In quale tipo di disturbo del sonno è più utile?

In generale nell’insonnia del bambino, difficoltà di addormentamento e risvegli notturni multipli.

È sicura? Dà effetti collaterali?

Non sono stati riportati effetti collaterali di rilievo anche dopo 1-2 anni di somministrazione continuativa. 
Nessuna evidenza che la melatonina possa dare dipendenza.

La melatonina sembra essere sicura nei bambini anche dopo somministrazioni prolungate; non peggiora l’epilessia, non sembra causare variazioni dello sviluppo puberale ai dosaggi consigliati, né interferisce con la produzione della melatonina endogena.

Gli effetti collaterali più frequentemente riportati sono: sogni vividi, incubi, sonnolenza mattutina, cefalea, vertigini, nausea, dolori addominali, depressione transitoria (in genere questi effetti potrebbero verificarsi con dosi superiori a 8 mg/die).

Non è raccomandata in pazienti con disordini autoimmunitari.

Da che età?

Non ci sono studi specifici che valutino la somministrazione di melatonina nel primo anno di vita, ma vista la relativa assenza di effetti collaterali e il fatto che la produzione endogena non viene alterata si potrebbe consigliarne l’utilizzo anche dopo i 6 mesi di vita, alla stessa stregua degli antistaminici.

E a quale dosaggio?

La dose efficace varia tra 1-2 mg (nel primo anno di vita) fino ad arrivare ad una dose massima di 10 mg (in genere sopra i 5 anni); dosi superiori non producono beneficio.
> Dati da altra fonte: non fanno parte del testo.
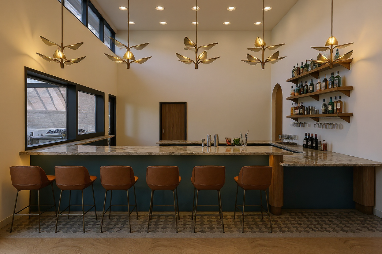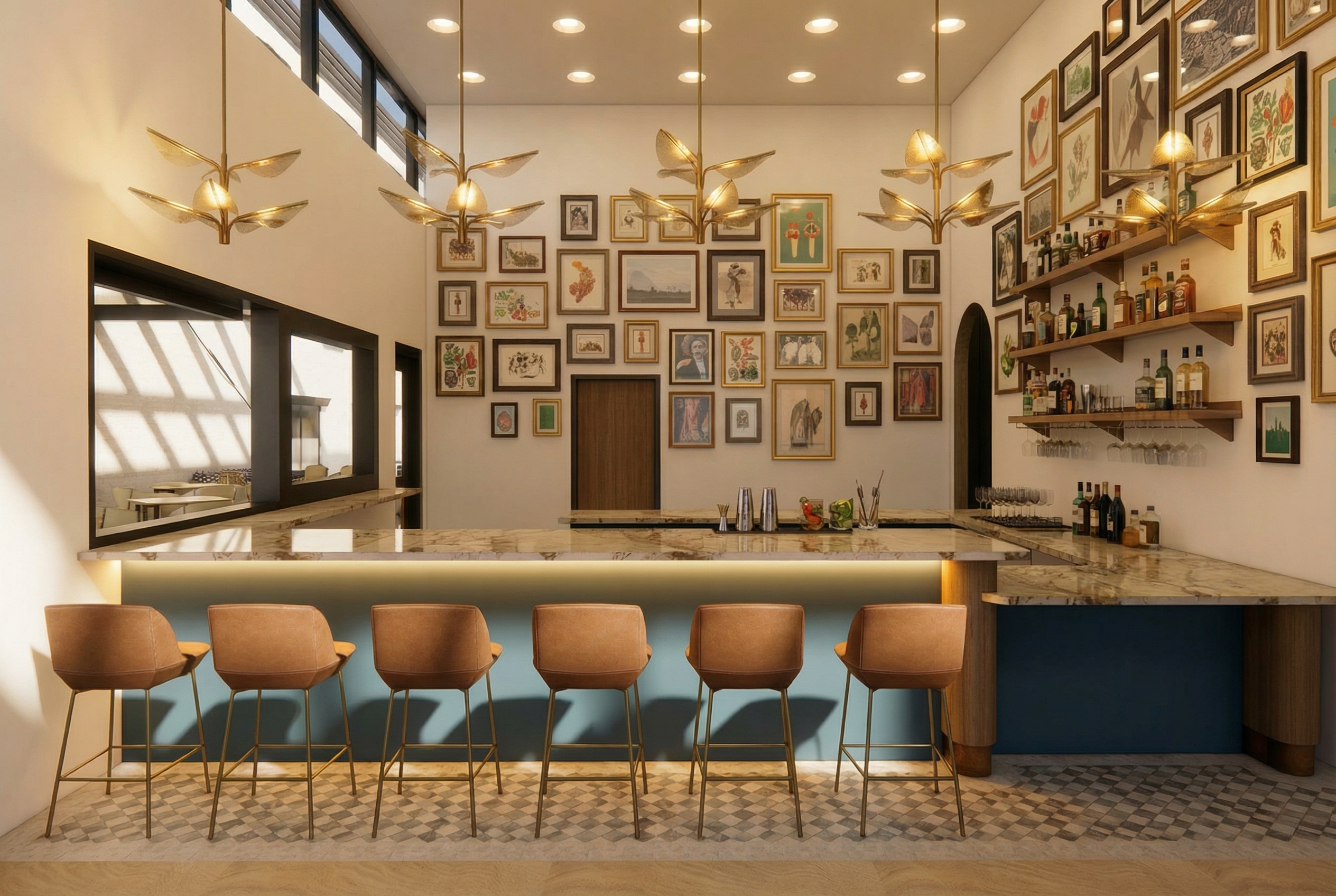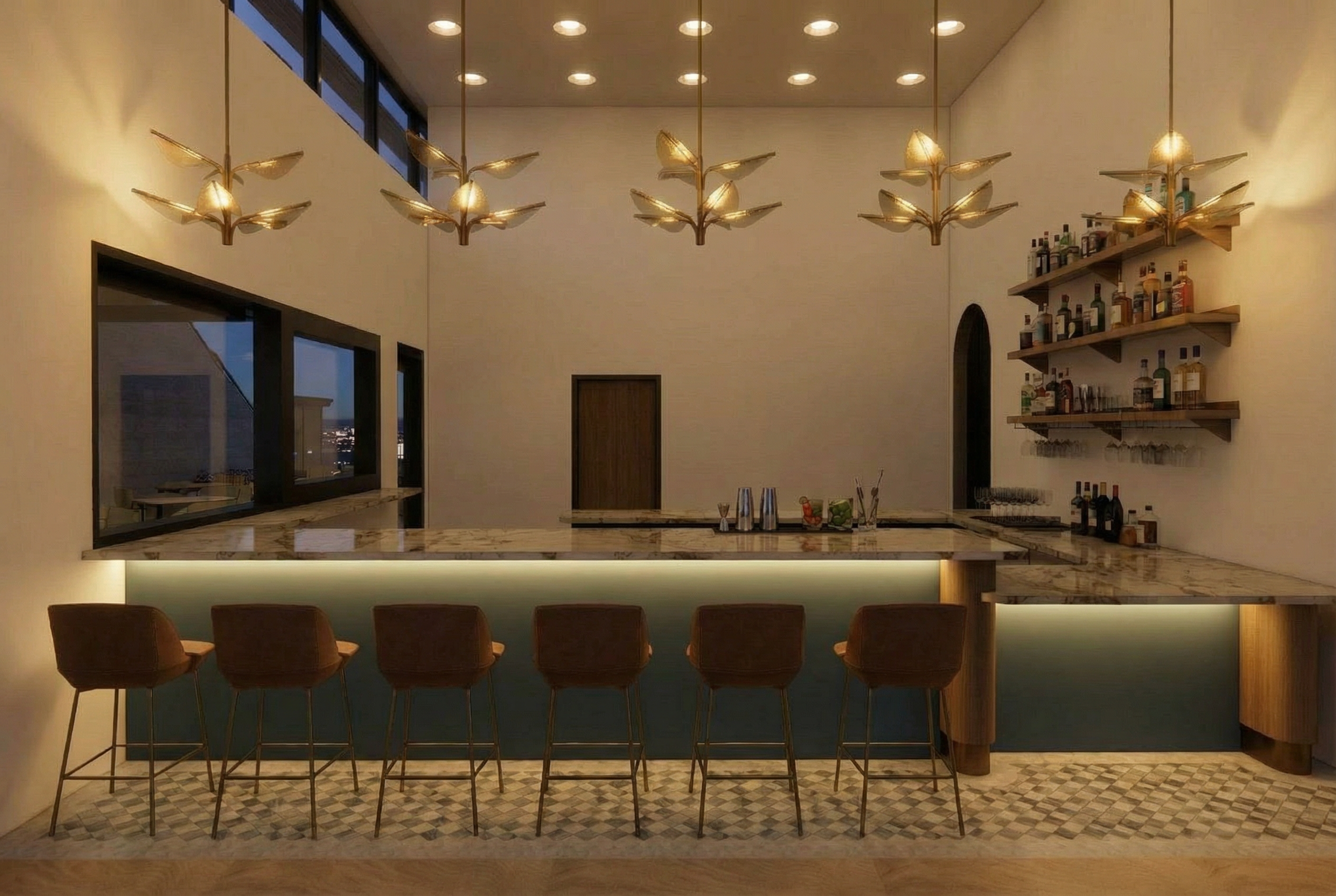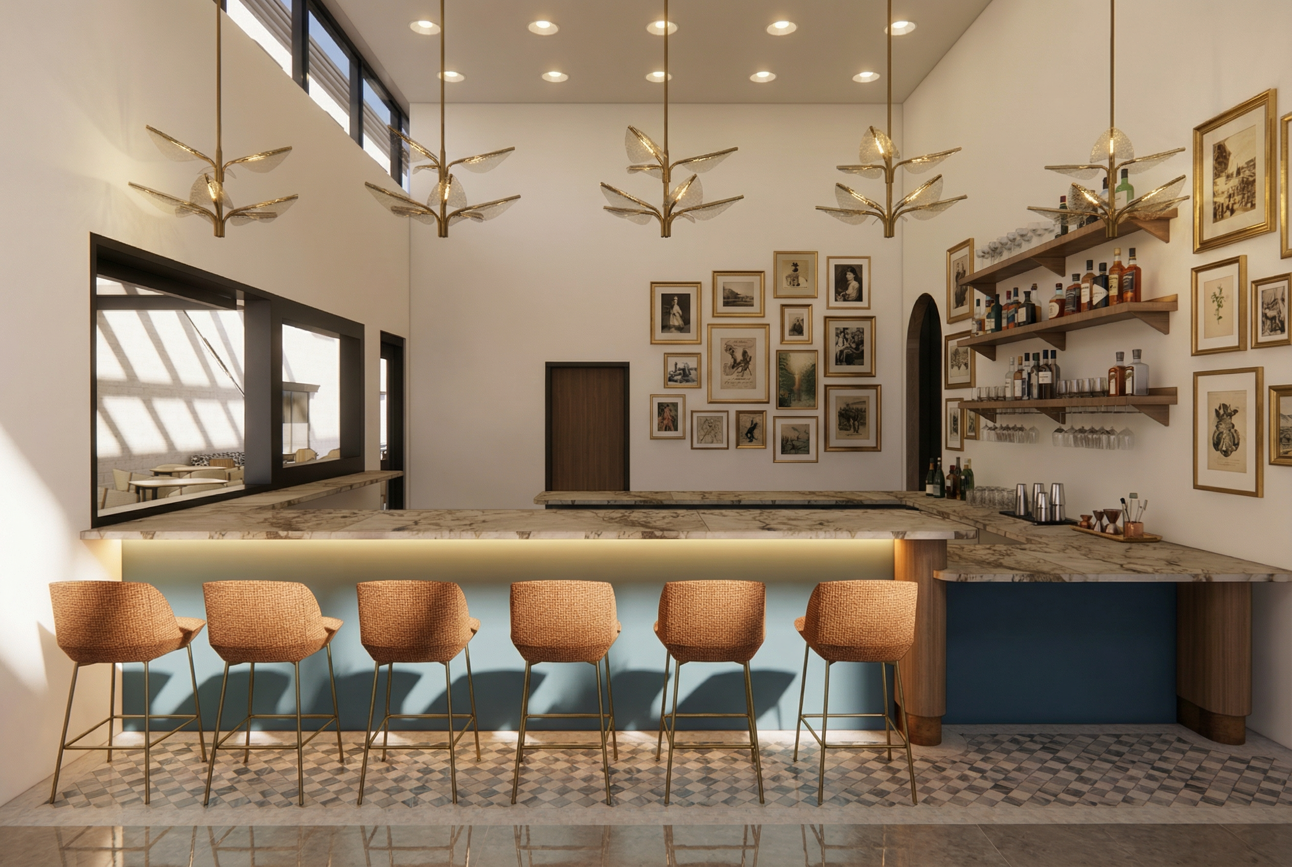 render this as a high quality head on elevation visualization the building geometry proportions fa ade composition windows brick textures greenhouse bays structure vegetation and roof rhythm must remain exactly as modeled no form alterations additions or removals style atmosphere soft pale daylight slightly overcast but bright calm neutral tones lightly desaturated gentle atmospheric haze to push background depth warm translucent glow through greenhouse glazing material intent brick base should read as adaptive reuse slightly weathered but realistic not stylized greenhouse fa ade translucent and matte subtle interior glow no mirror reflections vertical vegetation remains as modeled realistic distribution and shading context instructions keep the foreground sidewalk minimal and clean only add traditional acorn street lamps along the sidewalk no benches planters or other street furniture unless already modeled maintain your simple city background faint skyline silhouettes dissolved in haze not detailed composition rendering notes true front elevation no perspective distortion thin clean line definition along roof and fa ade edges high resolution with soft edges for vegetation light atmospheric depth subtle fog near horizon ground plane quiet and understated overall mood contemporary adaptive reuse district calm poetic and slightly cinematic architectural clarity first ambiance second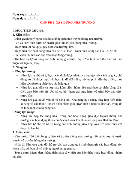 CHỦ ĐỀ 1. XÂY DỰNG NHÀ TRƯỜNG I. MỤC TIÊU CHỦ ĐỀ 1. Kiến thức: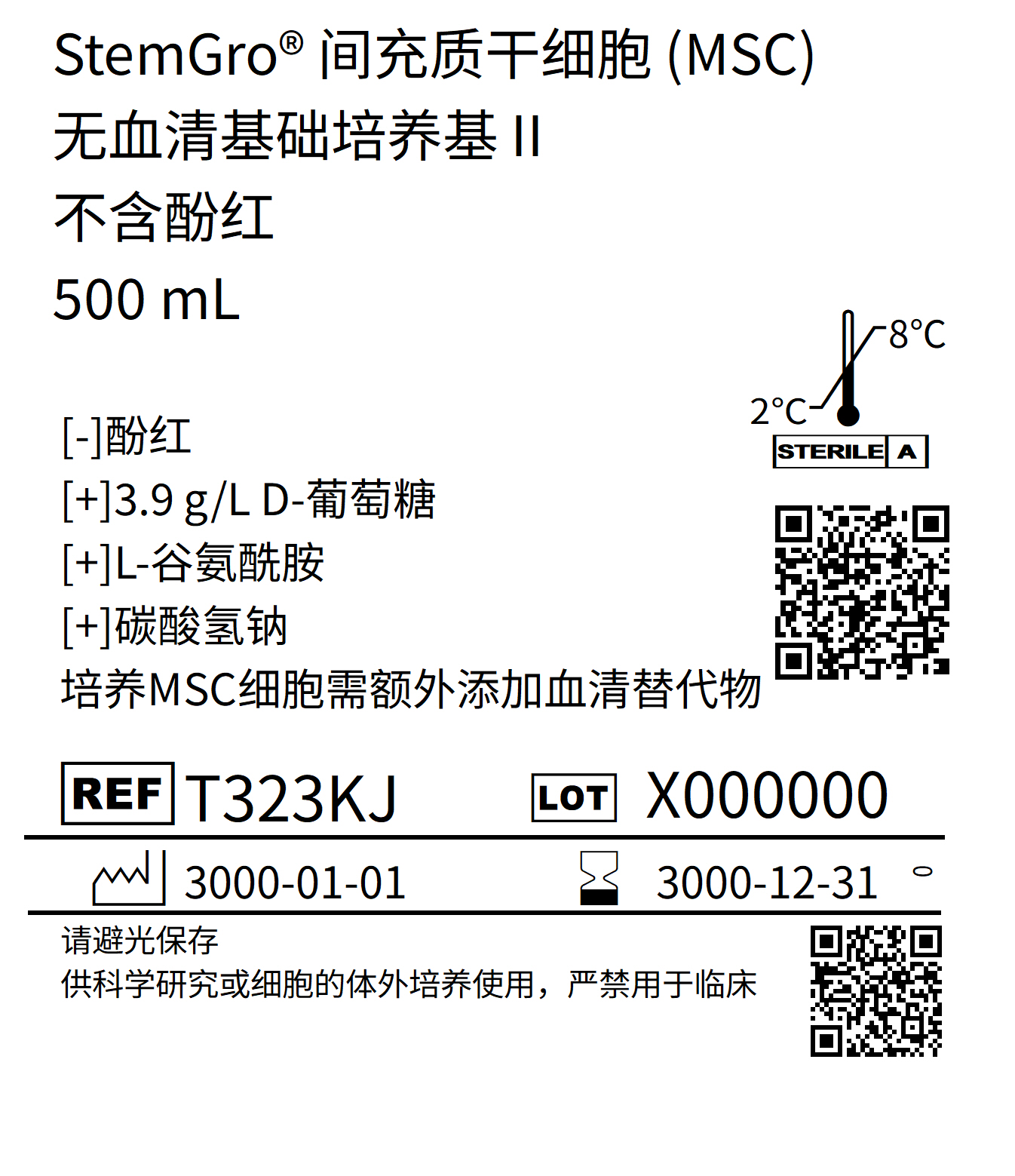 StemGro® 间充质干细胞(MSC)无血清基础培养基II是专为人类间充质干细胞(包括脐带间充质、骨髓间充质、脂肪间充质、脐带血间充质等干细胞)设计的基础培养基。该培养基为基础配方,需添加一定比例的人血小板裂解物(PLT),制备成完全培养基后使用。在干细胞分离过程中,当细胞贴壁率达到 75 ~85 % 后,可使用配置好的间充质干细胞(MSC)无血清完全培养基进行传代。与传统的须添加动物血清的培养基相比,配合PLT使用的StemGro®间充质干细胞(MSC)无血清基础培养基能维持间充质干细胞的无分化生长,保持细胞的形态特征和正常的染色体核型等,保证间充质干细胞的高增殖率以及分化潜能,并排除了培养过程中混入异源物质(来自于人类以外的其他动物物种的成分)的可能性。
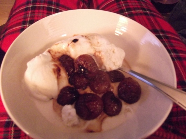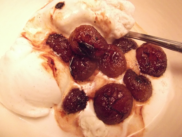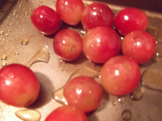 This idea comes from Fine Cooking, with some adaptation. I prefer to use seedless red globe grapes, and to roast them longer than the original recipe calls for. Some olive oil, some maple syrup, and a pinch of salt are all you need. They will take on a jammy, almost molasses taste. Serve these over ice cream.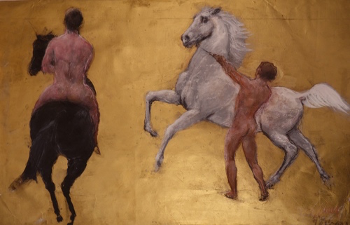 "Dream Drawing With Stallions'' (mixed media on paper), by Nancy Ellen Craig (1927-2015), in the show "Renaissance Dream Paintings,'' at Berta Walker Gallery, Provincetown, May 6-July 5.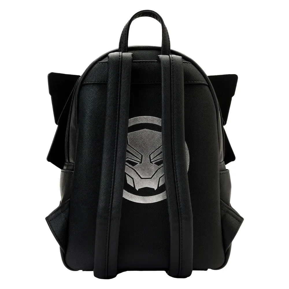 The Loungefly Black Panther: Wakanda Forever Figural Mini Backpack is made of vegan leather (polyurethane). Backpack has adjustable shoulder straps and sturdy metal hardware. Additional features include applique, debossed, and printed details. Take note of the coordinating inside lining.

Va somministrata 30-60 minuti prima dell’addormentamento. La superiore efficacia della formulazione a rilascio controllato non è stata dimostrata.

Per quanto tempo?

In genere nell’insonnia del bambino piccolo è consigliabile fare cicli di un mese, mentre in quei bambini con insonnia cronica, specie se associati a disturbi neurologici e psichiatrici, si può consigliare una somministrazione a più lungo termine.